On the 5th of July, a new quarrel surfaced between the supposedly brotherly countries; the United Arab Emirates (UAE) and the Kingdom of Saudi Arabia (KSA). On this day, a OPEC+ meeting that brings together 14 Organization of the Petroleum Exporting Countries (OPEC), Russia, and other 9 non-OPEC countries was cancelled due to disagreement between the two Gulf states on oil production levels.

Due to the pandemic and the lockdown that hit the entire world, oil prices collapsed, and oil production had to be cut down. According to the World Bank, both the UAE and Saudi economies were seriously hit, and shrunk by 6% and 4.1 % respectively. Regardless of both countries’ development levels and innovation efforts to grow in non-oil sectors, especially UAE’s ambition to achieve a non-oil economy, both got shaken terribly from the fluctuation in oil production levels and thus their incomes in petrodollars declined. For especially UAE to continue to prop up its economic diversification plans, it is integral to recover its oil revenues.

What happened on July 5?

OPEC+ Joint Ministerial Monitoring Committee, except for UAE, agreed to a Saudi-backed plan to increase oil output on July 5, 2021. Accordingly, the plan was to increase oil production by 400,000 barrels per day starting from August 2021 until December 2021, a plan that had also UAE’s consent. However, during the meeting on the 5th of July, KSA suggested extending this plan until next April 2022, a modification that UAE opposed.

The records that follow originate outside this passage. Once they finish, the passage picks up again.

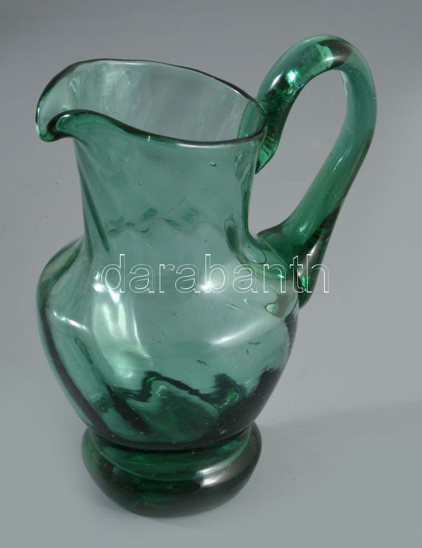 Parádi csavartbordás zöld üveg kiöntő, hibátlan, m: 14,5 cm
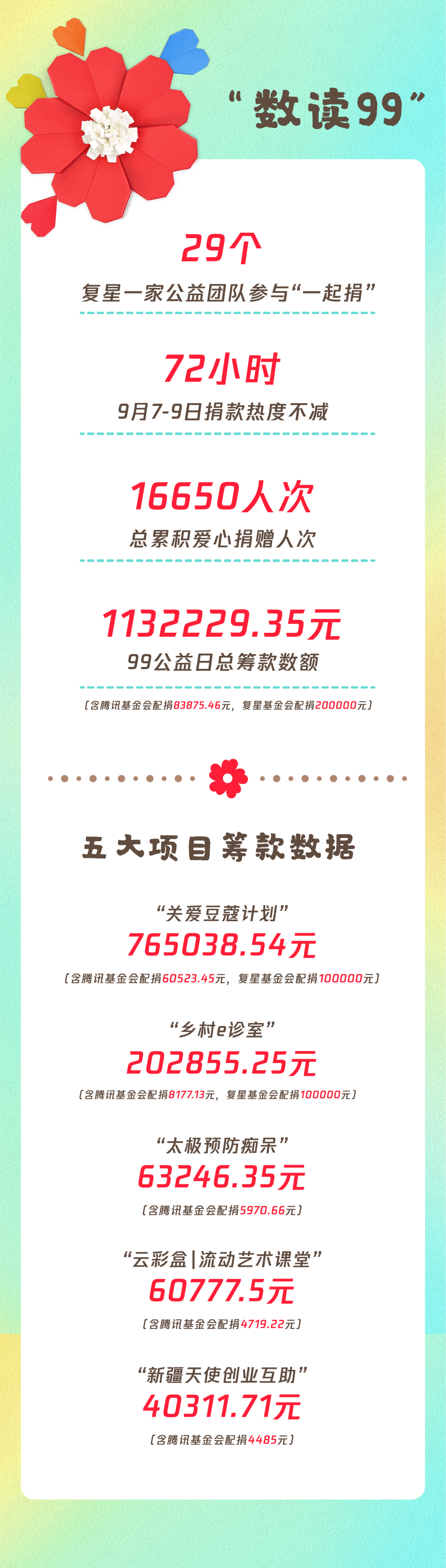 虽然“99公益日”暂时告一段落,但“一块做好事”的公益精神还将继续。非凡 基金会将与公益伙伴一道开启项目执行工作,定期对公众同步5大项目的进展情况。
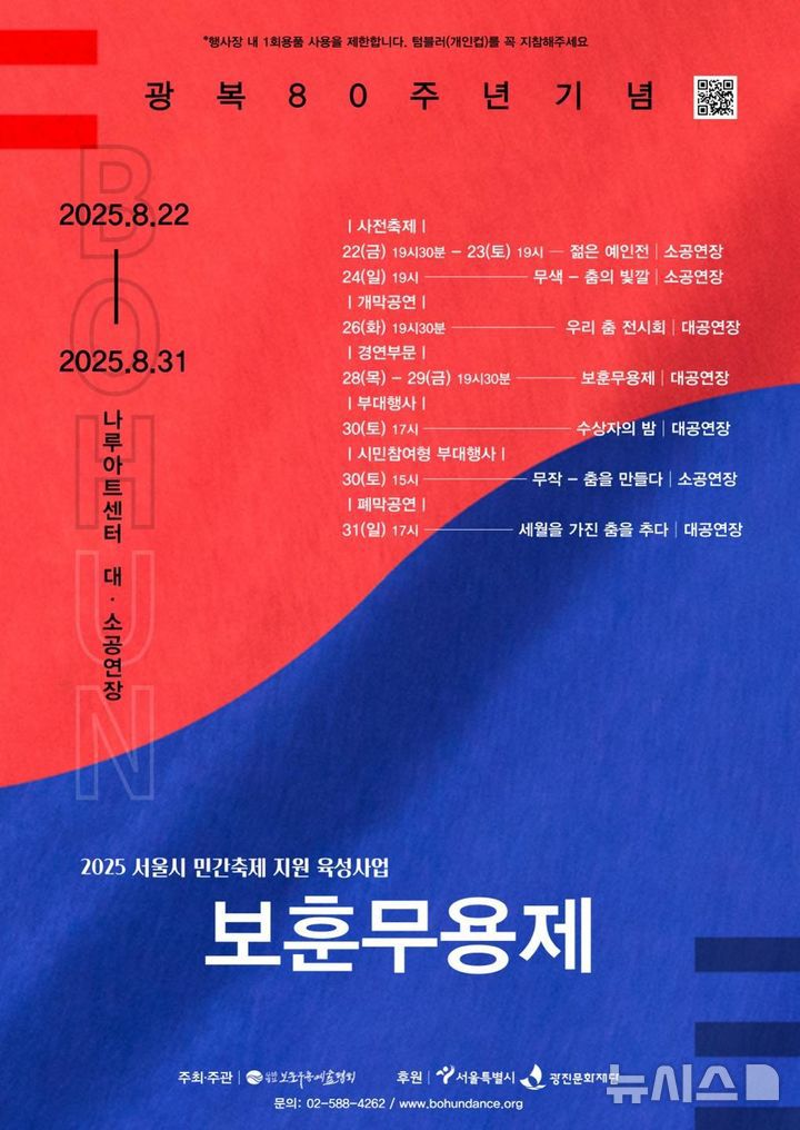 [서울=뉴시스] 최희정 기자 = 보훈무용예술협회가 오는 22일부터 31일까지 나루아트센터 대·소공연장에서 광복 80주년 기념 '2025 보훈무용제'를 연다. 이번 축제는 서울특별시 민간축제 지원 육성 사업의 일환으로 열린다.
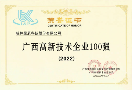 近日,廣西科技廳發(fā)布了2022年廣西高新技術企業(yè)百強榜單,桂林星辰科技股份有限公司成功入選“廣西高新技術企業(yè)100強”。
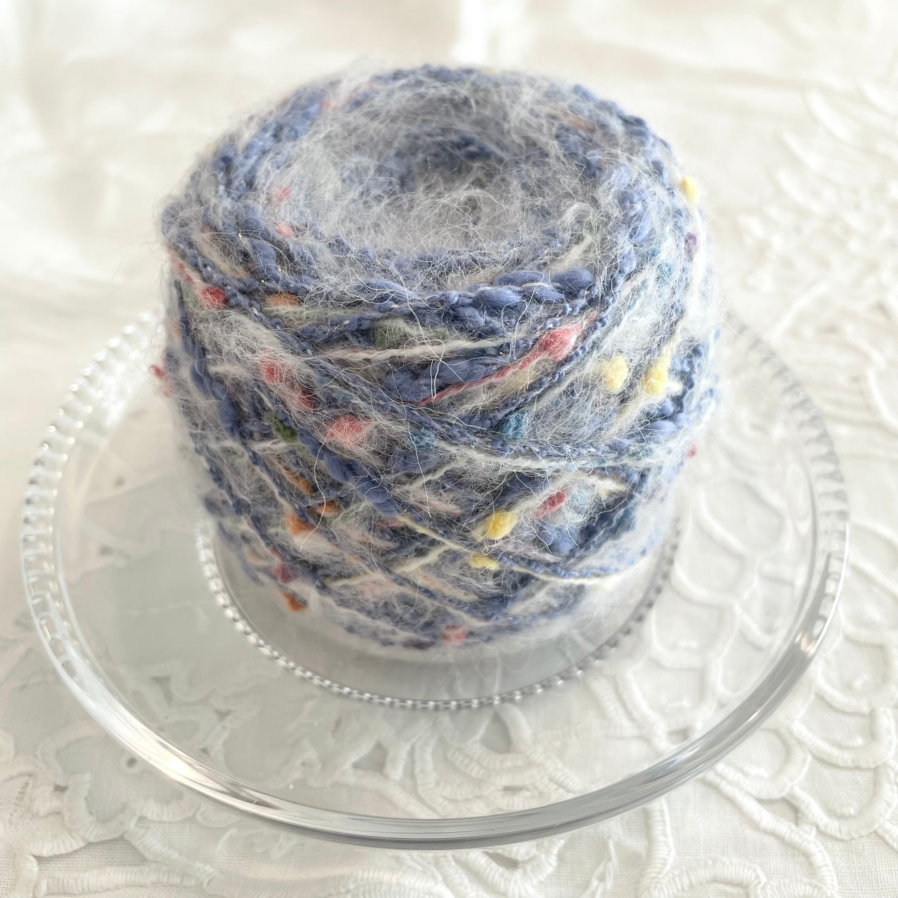 ブルーの毛にシルバーのラメが入ったぽこぽこヤーン、白い糸にカラフルなつぶつぶヤーンの計2本を引き揃えてます♪
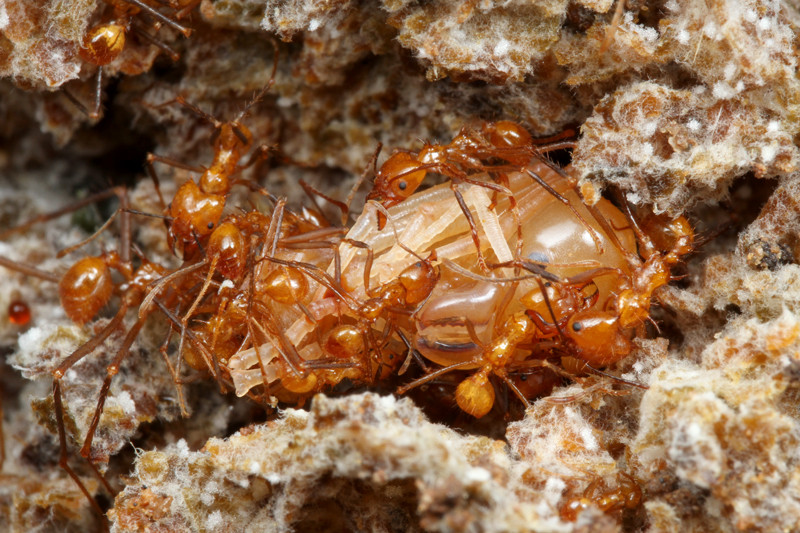 同じく菌を育てるキノコシロアリなどは、糞を培地として使うため、ある程度硬い菌園ができますが、細かく刻んだ植物の葉を培地として使うハキリアリの菌園は驚くほどフワフワで、気を付けて持ち上げないと崩れてしまいそうなほど柔らかいのです。
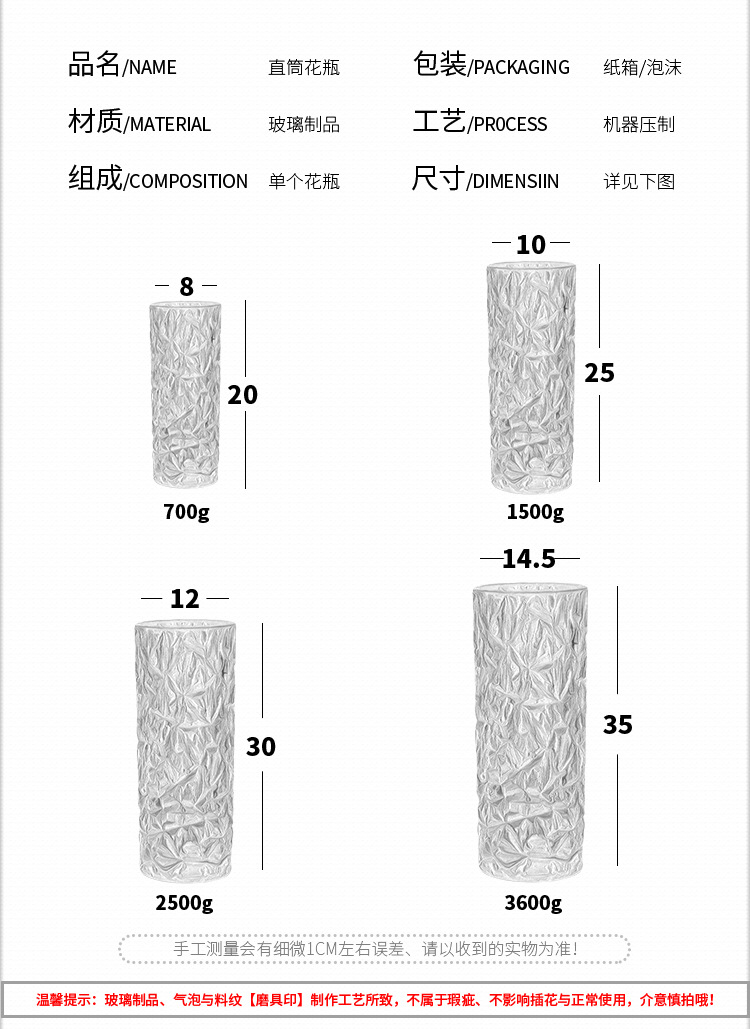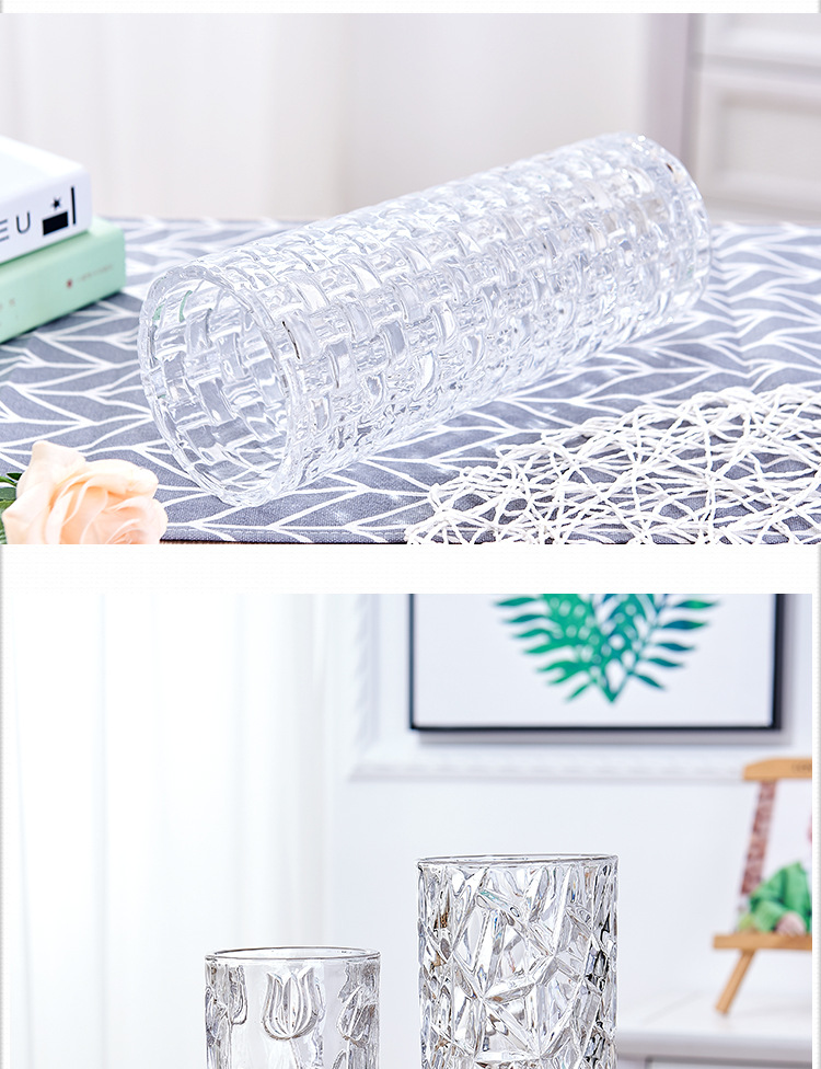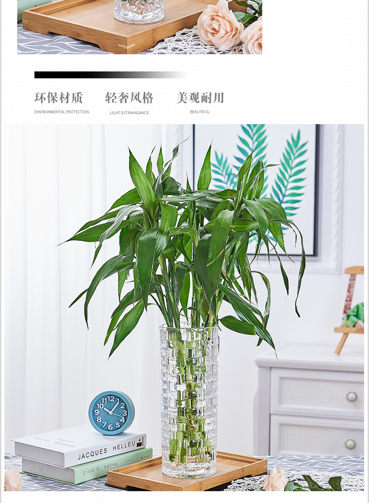 두꺼운 꽃병 유리 투명 물 영양 대나무 장미 백합 말린 꽃 장식품 대형 거실 북유럽 스타일 병

The country claims that it had sacrificed 18% of its total production capacity and if continued this figure would reach 35%. This was the result of an agreement taken in April 2020 based on the country’s daily production capacity in October 2018.  In that year UAE was only producing 3.1 million barrels per day; however, as the Minister of Energy and Industry in UAE said it is “totally unfair” compared to their level of production capacity these days which surpasses the 3.1 billion baselines one by at least one third.

UAE and KSA Friendship on the Line for a While:

The two Gulf countries have been experiencing tense relations due to opposing positions on a set of issues, especially in the last three years. The OPEC+ incident is just adding to their list of many differences.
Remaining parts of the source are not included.